In a nutshell
This study examined the long-term survival of patients who received stem cell transplants (SCT) and compared them to the general population. The authors found that patients who received SCTs had almost the same chance of survival as the general population and identified factors that alter this chance.
Treatments such as chemotherapy can reduce the number of healthy immune cells. Immune cells are made by stem cells. Stem cell transplant (SCT) involves giving patients stem cells after they are finished treatment to remove cancer cells.
Stem cells can be taken from a donor (allogeneic; allo-SCT) or from the patient before they start treatment (autologous; auto-SCT). Information on patients who survive long-term after SCT is useful to understand how to improve their care long-term.
Methods & findings
Data was examined from patients who received SCT and survived without signs of cancer for more than 2 years. 1562 patients received allo-SCT and 3822 patients received auto-SCT from 2002 to 2011. Patients either had a type of leukemia, lymphoma, myelodysplastic syndrome (MDS), or myeloma.

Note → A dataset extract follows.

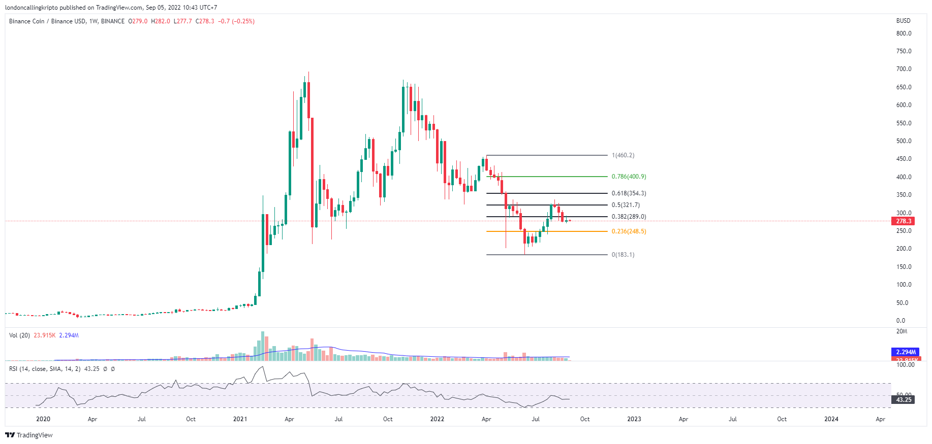 BNB/BUSD weekly chart Binance. Source: TradingView. By: Arli Fauzi

Patients were followed for 5.6 years on average. This data was compared to a previous study from 1992 to 2001 and statistics from the general population.
Compared to the general population, patients who received an allo-SCT had between a 96% to 99% chance of survival. Patients under 16 years old had a 42% higher chance of survival and patients with chronic myeloid leukemia (CML) had a 31% higher chance. Patients who received stem cells from donor blood had a 25% lower chance of survival. The 10-year overall survival (OS) rate in patients who had an allo-SCT was 78.4%. Compared to older data, the use of unrelated cells and of reduced-intensity chemotherapy have increased.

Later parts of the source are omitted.